Senior GRC Engineer
Life360 · United States · 3 wk ago
RemoteRemoteEngineering$116k–$213k/yrFull-time
About the role
Life360 is a Remote-First company, which means a remote work environment will be the primary experience for all employees. This role is based in the United States.
Responsibilities
- Own the governance framework for Life360's agentic systems.
- Define policies, control sets, and compliance posture for agentic systems.
- Automate evidence collection, draft control narratives, and triage vendor questionnaires using AI and internal tooling.
- Build integrations and pipelines to automate compliance processes.
- Write policies in Git, express requirements as enforceable rules, and automate checks.
- Drive SOC 2 Type 2, ISO 27001, and SOX ITGC end-to-end as a management owner.

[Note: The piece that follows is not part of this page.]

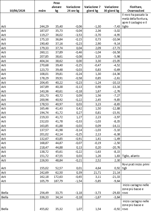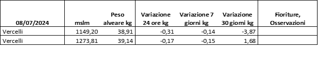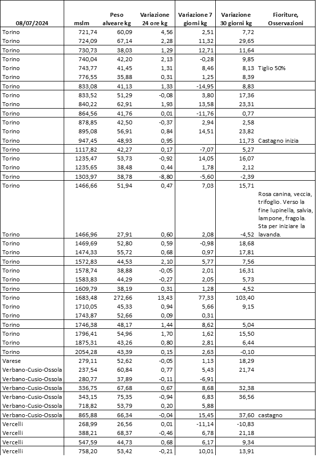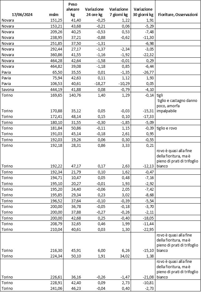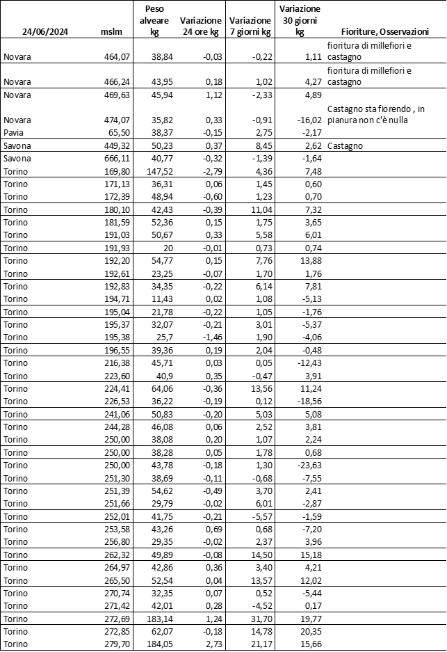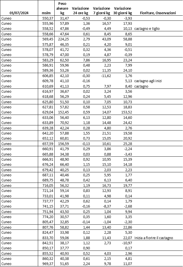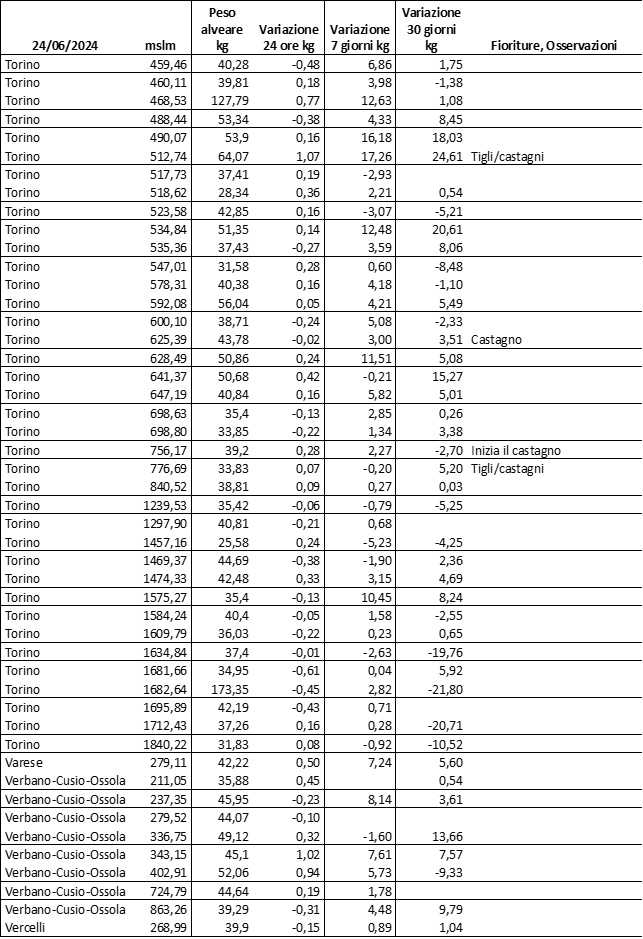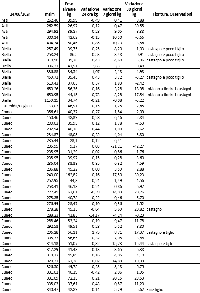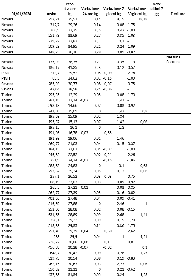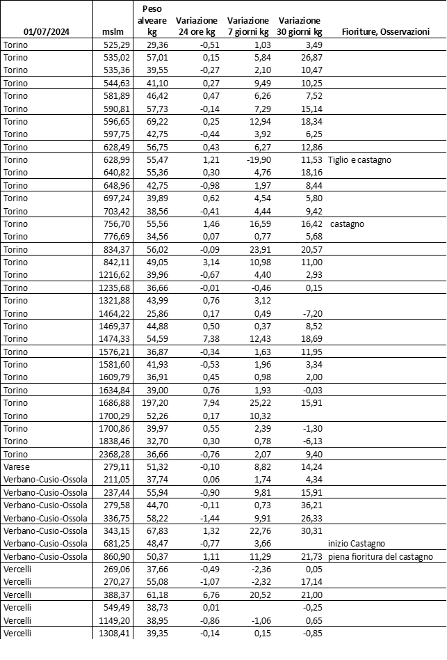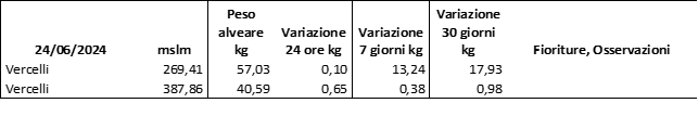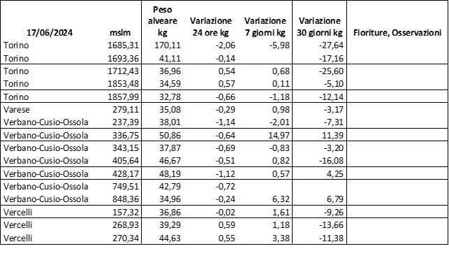 Di seguito le tabelle degli ultimi rilevamenti (dati fino al 15 luglio 2024; per consultare i dati successivi collegarsi al sito: (link non diretto, è necessario cliccare su “La bacheca dei bollettini” e poi su “Bollettino API”): https://www.regione.piemonte.it/web/temi/agricoltura/servizi-fitosanitari-pan
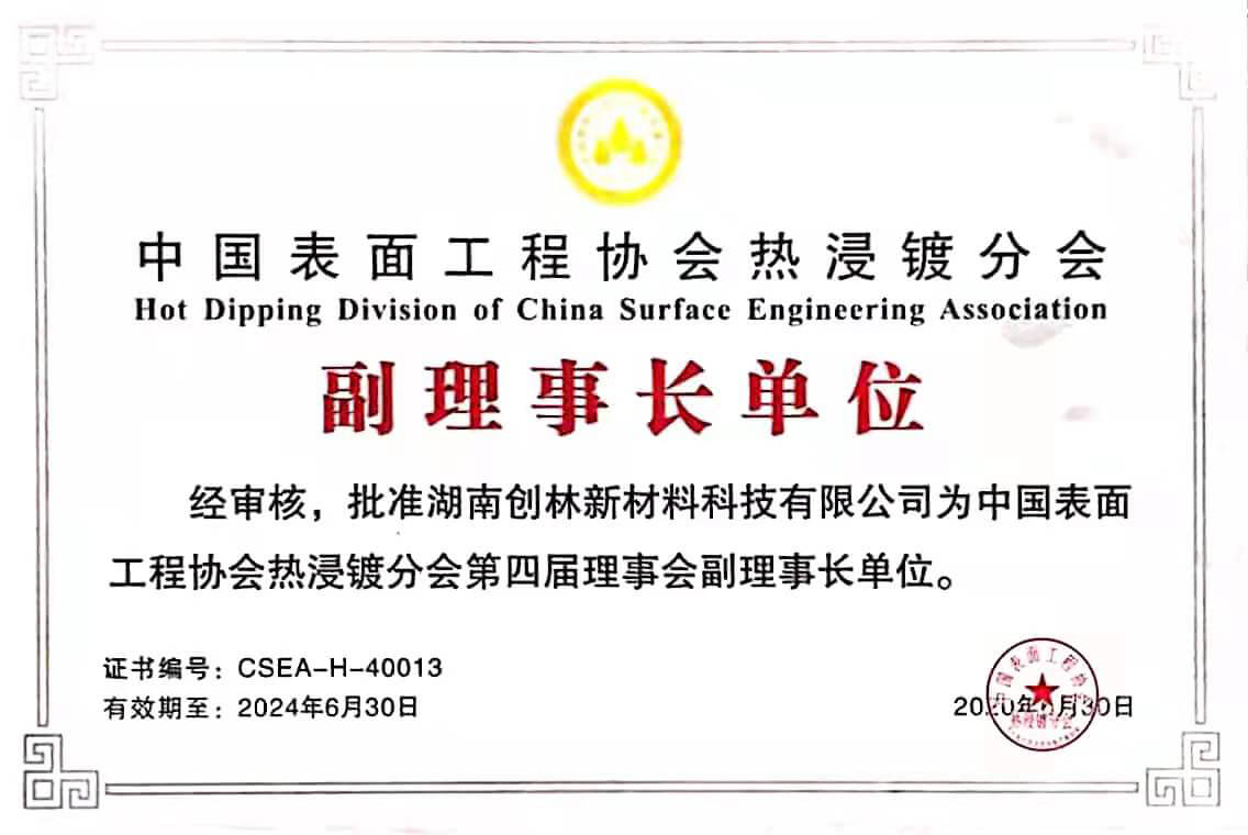 中國表面工程協(xié)會熱浸鍍鋅分會理事長單位

- Build an operational risk function, including a data model, workflow layer, and closed-loop system for risk management.
- Mature the TPRM program, including tiered reviews, automated evidence collection, and agent-based workflows.
- Own the auditor's primary management contact, ensuring scoping, walkthroughs, and evidence delivery are handled effectively.
- Build cross-functional relationships with Engineering, Legal, Privacy, Internal Audit, and Procurement to ensure compliance is a shared practice.
- Maintain clear role boundaries between management's first- and second-line GRC operations and Internal Audit's third-line independent assurance.
Requirements
- 5+ years in GRC, security engineering, or a hybrid role where you owned both the policy and control side and the technical implementation.
- Experience designing or operating agentic workflows.
- Coding ability that ships, including Python or equivalent for API calls, job scheduling, and pipeline deployment.
- Experience implementing, integrating, or significantly extending a modern GRC platform.
- SOC 2, ISO 27001, and NIST AI RMF at the control level.
- Experience with SOX ITGC cycles, managing evidence, walkthroughs, and findings with external auditors.
- Experience building or scaling a TPRM program, including tiering, vendor pushback, and automated assessment workflows.
- Quantitative risk experience, owning a risk register and making it useful to engineers and executives.
- Clear writing, evidenced in policies, control narratives, audit responses, and risk statements that are understandable to engineers and lawyers.
- Bachelor's degree or equivalent.
Qualifications
- Experience taking a company through SOC 2 Type 2 or ISO 27001 certification from scratch.
- Privacy program crossover experience, including GDPR, CCPA, data mapping, and DPIAs.
- Experience building governance frameworks for AI systems, such as model risk, ISO 42001, or controls around LLM and agent deployment.
Skills
- Use of AI tools for real, substantive work, including drafting, code, automation, investigations, and evidence gathering.
- Ability to make judgment calls about where AI creates leverage and where it introduces risk.
- Experience with FAIR or equivalent methodologies for quantitative risk management.
- Clear communication skills, evidenced in writing policies, control narratives, audit responses, and risk statements.
Benefits
- Competitive pay and benefits, including medical, dental, vision, life and disability insurance plans, a 401(k) plan with company matching, a Mental Wellness Program & Employee Assistance Program (EAP), flexible PTO, and winter and summer week-long syncs.